━━━━━ Information given
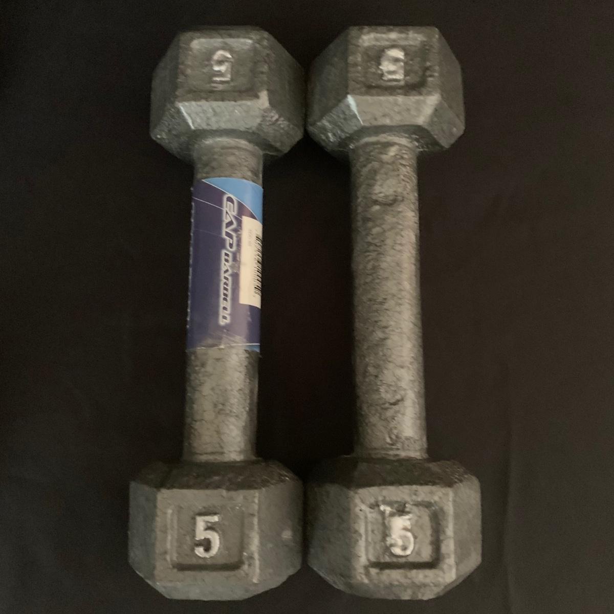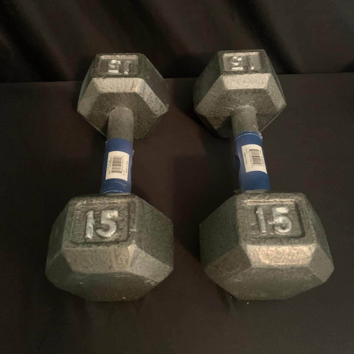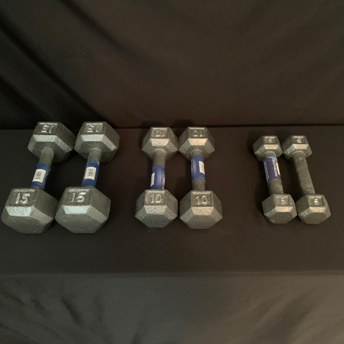 Three sets of CAP Strength cast iron hex dumbbells. All three sets appear to be in new condition with tags. Lot includes two fifteen pound, two ten pound, and two five pound weights. Largest weight measures, 10.5”L x 4”W x 4”H.
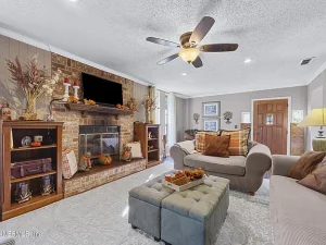 The large family room features a brick gas-burning fireplace, creating a cozy focal point ideal for gatherings, entertaining, or relaxing evenings at home.
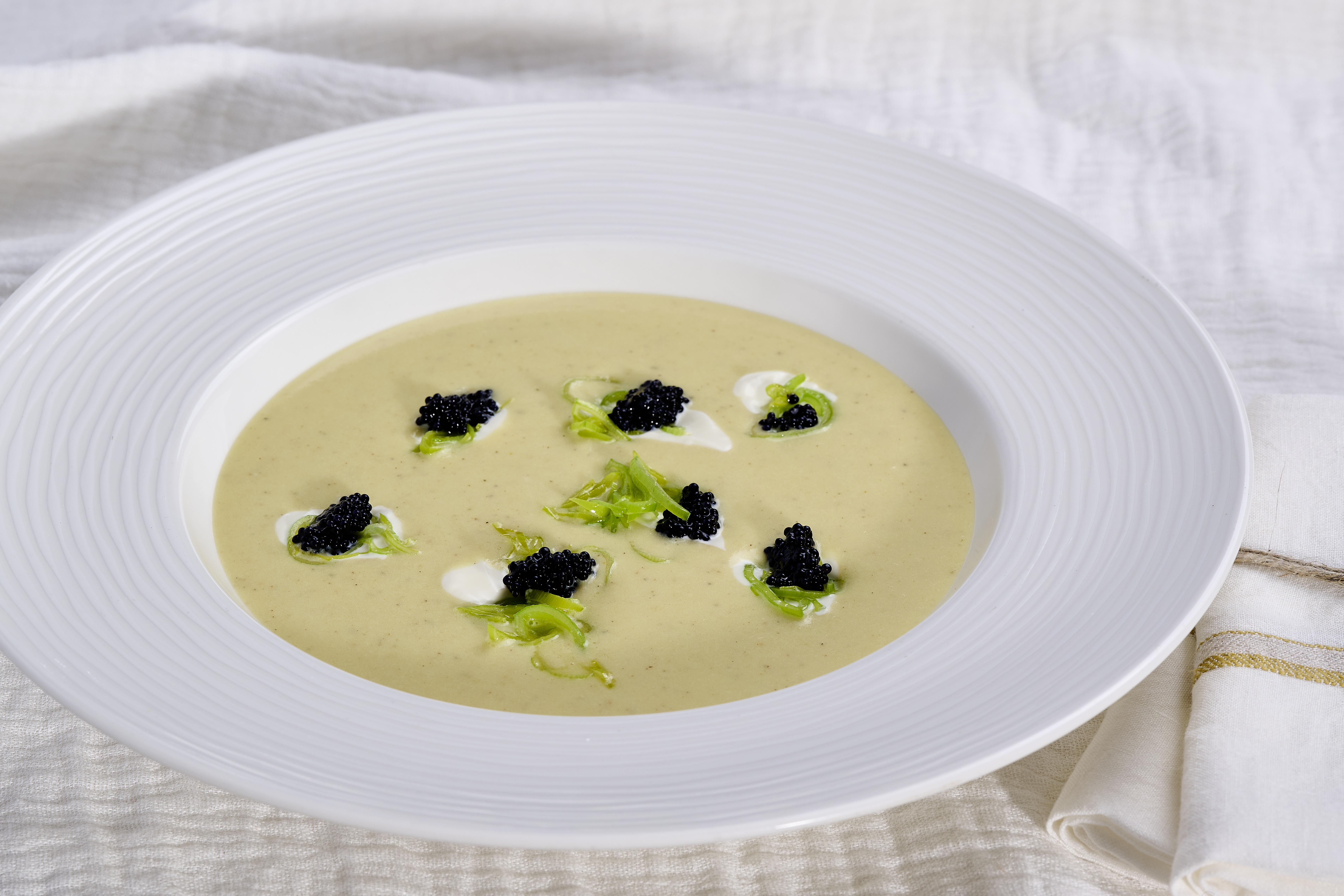 Vichyssoise ist eine klassische französische Lauch-Kartoffel-Suppe, die normalerweise kalt serviert wird. Sie besticht durch ihre samtige Textur und ihren mild-cremigen Geschmack aus Lauch, Kartoffeln und Sahne – oft elegant verfeinert mit feinen Gewürzen oder edlen Zutaten wie Kaviar.
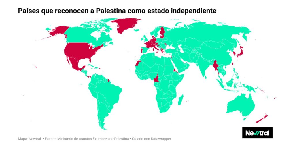 A día de hoy, 151 países del mundo han reconocido al Estado palestino. Esto representa más del 78% de los 193 Estados miembros de la ONU. Estos reconocimientos se han acumulado a lo largo de los años, pero han dieron un impulso significativo en 2024, cuando se sumaron Noruega, Irlanda y España.
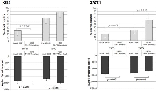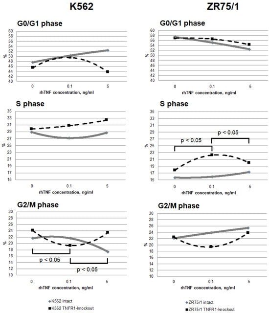 Our previous studies used cell lines of various origins, in which it was shown that ZR75 and K562 have stable high expression of receptors for TNFR1 and TNFR2, while stimulation of these cell lines with various doses of TNF led to multidirectional changes in receptor expression, as well as changes in the functional response, manifested in the form of changes in apoptosis and the cell cycle [14]. Also, the determining factor was the production of stable clones with TNFR1 knockout specifically for these cell lines.
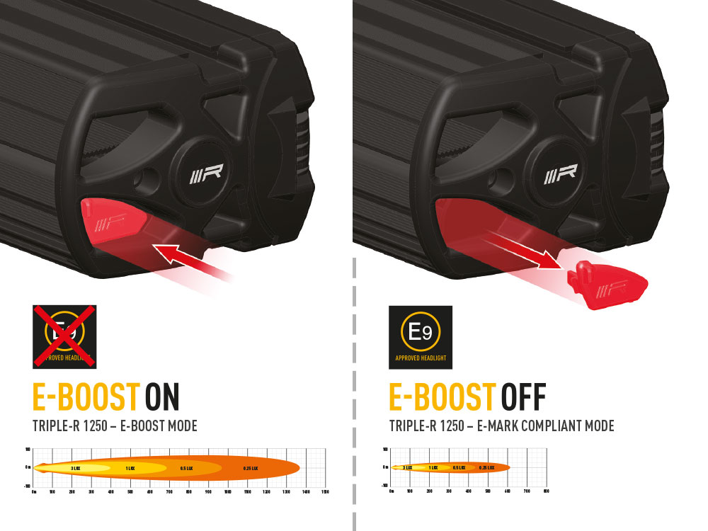 Triple-R 1250 Gen2:ssa on myös patentoitu E-BOOST -teknologia, joka mahdollistaa valaisimen käytön matalammalla teholla tieliikenteessä (E9) ja suuremmalla teholla muussa käytössä. Alumiinirunko, elinikäinen takuu (rikkoutumista vastaan) ja Gore-Tex -tiiviste tekevät valaisimesta kestävän ja luotettavan kovassakin käytössä. Tämä valaisin on täydellinen valinta niin tieliikenteeseen kuin moottoriurheiluun!
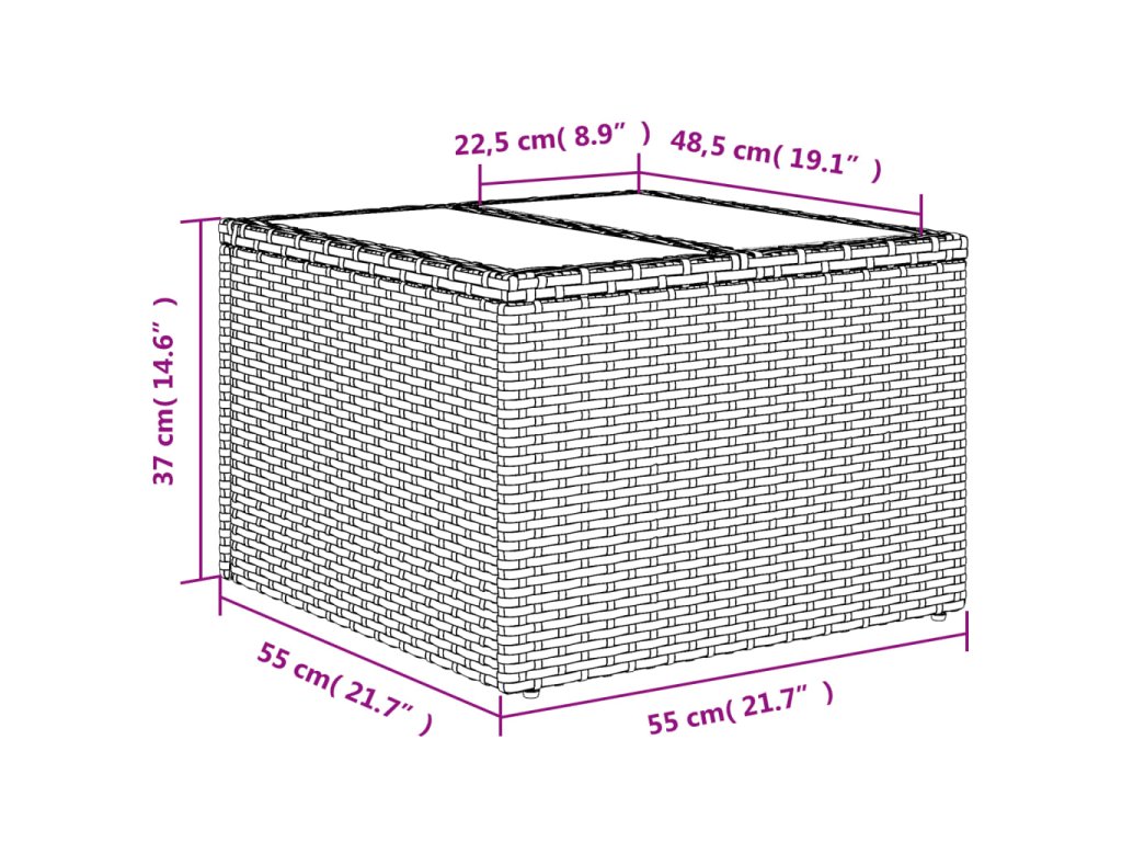 - Rozměry: 55 x 55 x 37 cm (D x Š x V)
━━━━━━━━━━
■ Exercise objective: Copy everything in the listing above exactly except the pictures.

■ Answer area:
 Three sets of CAP Strength cast iron hex dumbbells. All three sets appear to be in new condition with tags. Lot includes two fifteen pound, two ten pound, and two five pound weights. Largest weight measures, 10.5”L x 4”W x 4”H.
 The large family room features a brick gas-burning fireplace, creating a cozy focal point ideal for gatherings, entertaining, or relaxing evenings at home.
 Vichyssoise ist eine klassische französische Lauch-Kartoffel-Suppe, die normalerweise kalt serviert wird. Sie besticht durch ihre samtige Textur und ihren mild-cremigen Geschmack aus Lauch, Kartoffeln und Sahne – oft elegant verfeinert mit feinen Gewürzen oder edlen Zutaten wie Kaviar.
 A día de hoy, 151 países del mundo han reconocido al Estado palestino. Esto representa más del 78% de los 193 Estados miembros de la ONU. Estos reconocimientos se han acumulado a lo largo de los años, pero han dieron un impulso significativo en 2024, cuando se sumaron Noruega, Irlanda y España.
 Our previous studies used cell lines of various origins, in which it was shown that ZR75 and K562 have stable high expression of receptors for TNFR1 and TNFR2, while stimulation of these cell lines with various doses of TNF led to multidirectional changes in receptor expression, as well as changes in the functional response, manifested in the form of changes in apoptosis and the cell cycle [14]. Also, the determining factor was the production of stable clones with TNFR1 knockout specifically for these cell lines.
 Triple-R 1250 Gen2:ssa on myös patentoitu E-BOOST -teknologia, joka mahdollistaa valaisimen käytön matalammalla teholla tieliikenteessä (E9) ja suuremmalla teholla muussa käytössä. Alumiinirunko, elinikäinen takuu (rikkoutumista vastaan) ja Gore-Tex -tiiviste tekevät valaisimesta kestävän ja luotettavan kovassakin käytössä. Tämä valaisin on täydellinen valinta niin tieliikenteeseen kuin moottoriurheiluun!
 - Rozměry: 55 x 55 x 37 cm (D x Š x V)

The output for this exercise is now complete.